***** Provided information

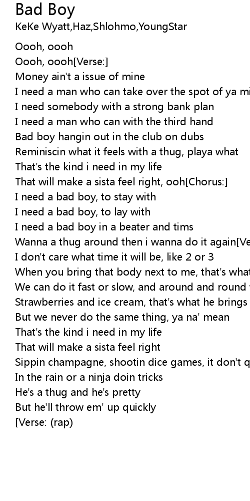 I need a bad boy[Chorus: 2x][Verse: (rap)][Chorus: until fade off] |
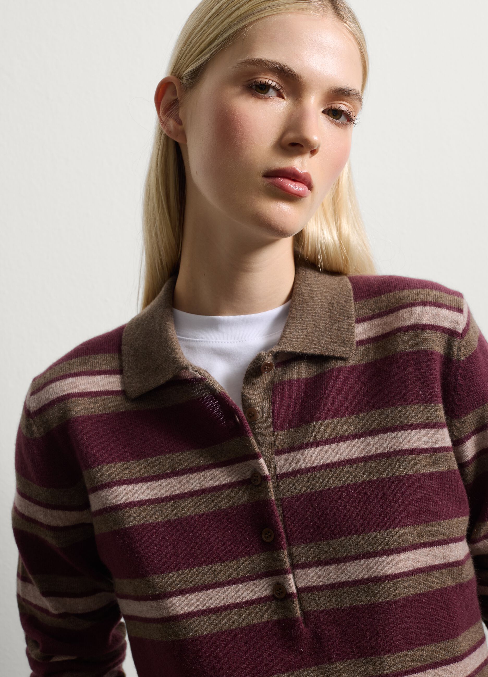 Kahverengi çizgili kazak, rahatlık ve stil arayan herkes için vazgeçilmez bir parça. Saf kaşmirden üretilen bu kazak, sonbahar/kış mevsimi için mükemmel olan yumuşak ve sıcak bir his sunuyor. Yuvarlak yakalı ve uzun kollu bol kesimi, rahat ve konforlu bir kullanım sağlıyor. Bu çok renkli kazak, çeşitli kıyafetlerle kolayca kombinlenebilir ve her durum için harika bir seçimdir.
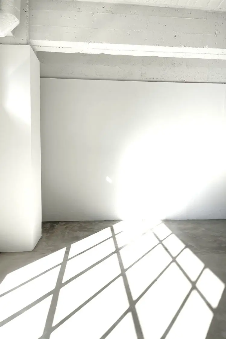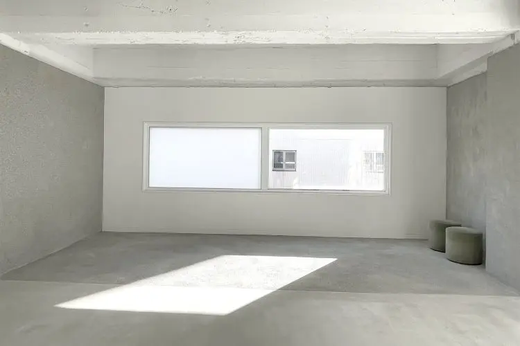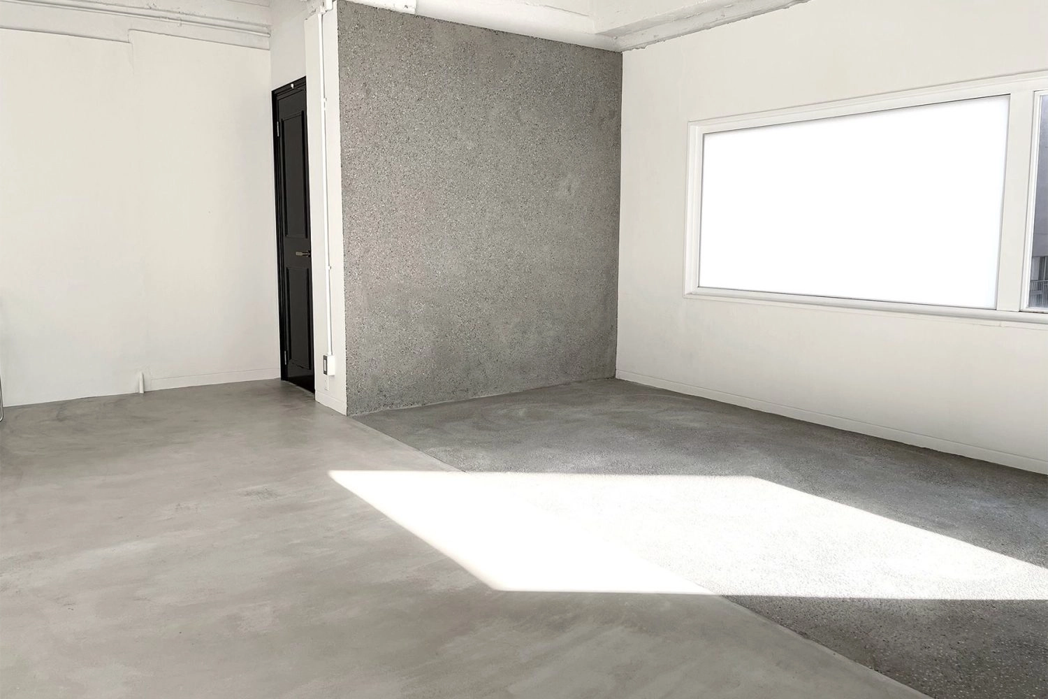 インダストリアルな雰囲気のシンプルな白の空間は、自然光が一日中入ります。
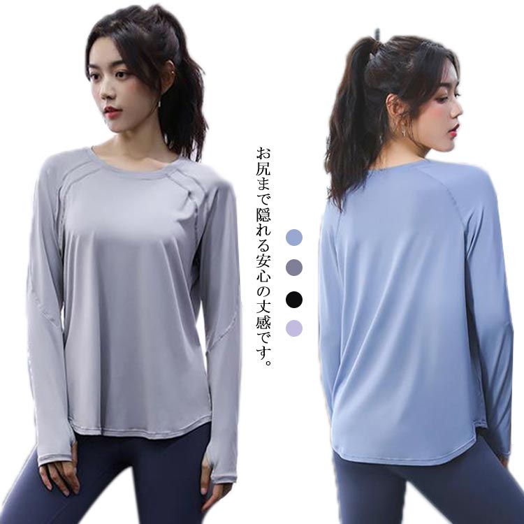 ヨガウェア トップス 体型カバー レディース スポーツウェア おしゃれ ゆったり ロング丈 ランニング トレーニング ジム フィットネス ウェア 吸汗速乾 指穴つき 初心者 運動不足解消 おうち 時間
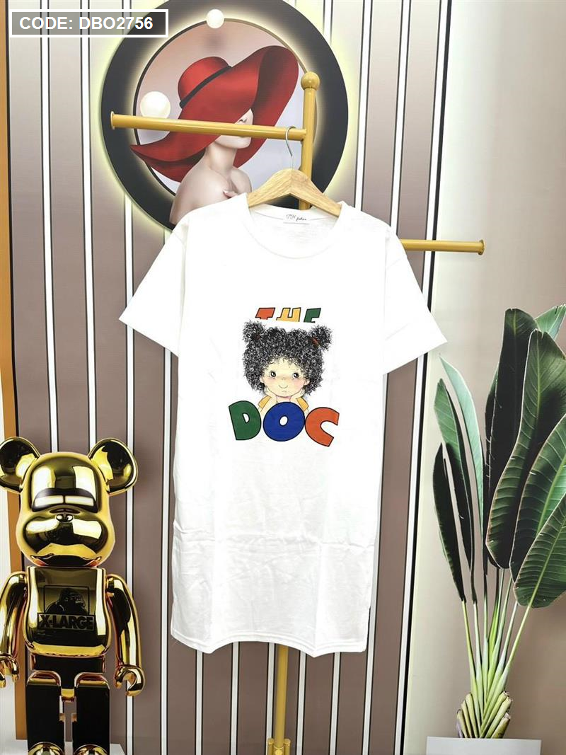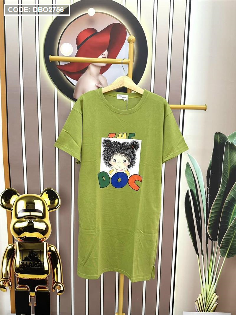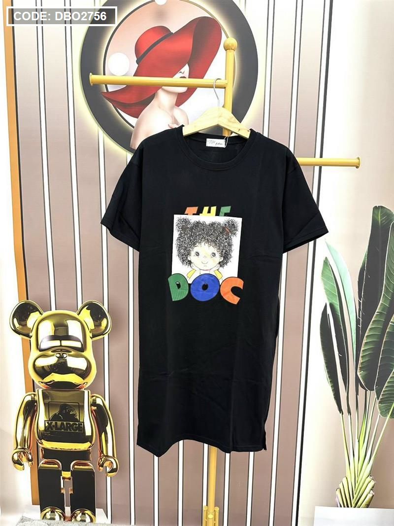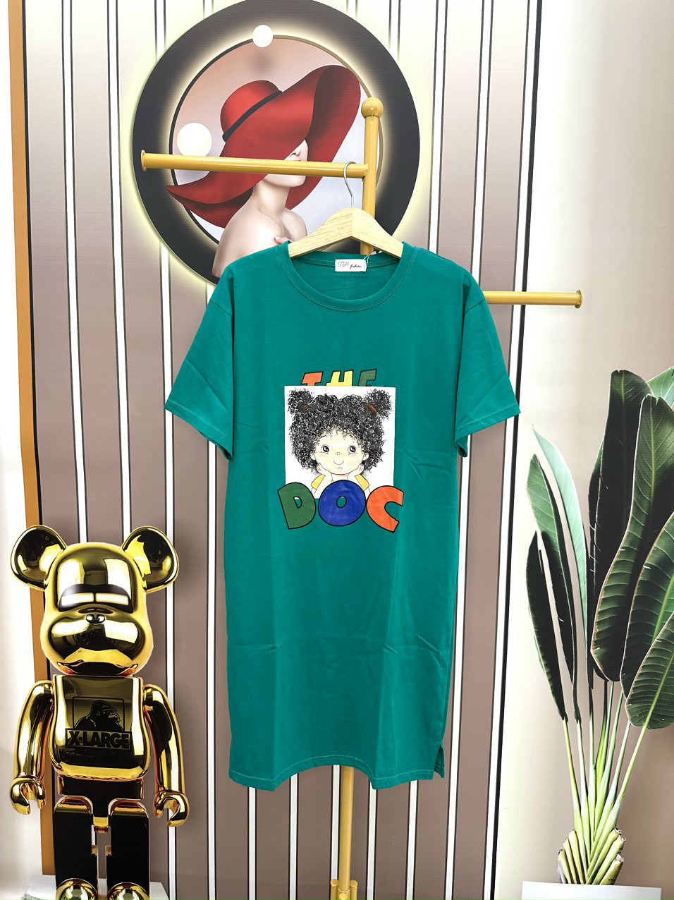Chuyên sỉ đầm suông tay ngắn cổ tròn in hình

**********

Reproduce verbatim, and only, the lines starting at the one that contains "ヨガウェア トップス 体型カバー" and ending with the final line of the records; leave out the pictures.

◆ **Solution**
 ヨガウェア トップス 体型カバー レディース スポーツウェア おしゃれ ゆったり ロング丈 ランニング トレーニング ジム フィットネス ウェア 吸汗速乾 指穴つき 初心者 運動不足解消 おうち 時間
Chuyên sỉ đầm suông tay ngắn cổ tròn in hình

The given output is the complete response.